Experimental comparison and evaluation of the Affymetrix exon and U133Plus2 GeneChip arrays

Affiliations
Comparative Study

Experimental comparison and evaluation of the Affymetrix exon and U133Plus2 GeneChip arrays

Diana Abdueva et al. PLoS One. .

Abstract

Background: Affymetrix exon arrays offer scientists the only solution for exon-level expression profiling at the whole-genome scale on a single array. These arrays feature a new chip design with no mismatch probes and a radically new random primed protocol to generate sense DNA targets along the entire length of the transcript. In addition to these changes, a limited number of validating experiments and virtually no experimental data to rigorously address the comparability of all-exon arrays with conventional 3'-arrays result in a natural reluctance to replace conventional expression arrays with the new all-exon platform.

Methodology: Using commercially available Affymetrix arrays, we assess the performance of the Human Exon 1.0 ST (HuEx) and U133 Plus 2.0 (U133Plus2) platforms directly through a series of 'spike-in' hybridizations containing 25 transcripts in the presence of a fixed eukaryotic background. Specifically, we compare the measures of expression for HuEx and U133Plus2 arrays to evaluate the precision of these measures as well as the specificity and sensitivity of the measures' ability to detect differential expression.

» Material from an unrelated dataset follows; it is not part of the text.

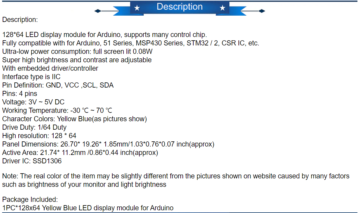 3~5V DC, Panel Dimensions: 26.70*19.26*1.85mm/1.03*0.76*0.07inch(approx), Active Area: 21.74*11.2mm /0.86*0.44inch(approx), Driver IC: SSD1306 Fully compatible with for Arduino, 51 Series, MSP430 Series, STM32 / 2, CSR IC, etc.

Significance: This study presents an experimental comparison and systematic cross-validation of Affymetrix exon arrays and establishes high comparability of expression changes and probe performance characteristics between Affymetrix conventional and exon arrays. In addition, this study offers a reliable benchmark data set for the comparison of competing exon expression measures, the selection of methods suitable for mapping exon array measures to the wealth of previously generated microarray data, as well as the development of more advanced methods for exon- and transcript-level expression summarization.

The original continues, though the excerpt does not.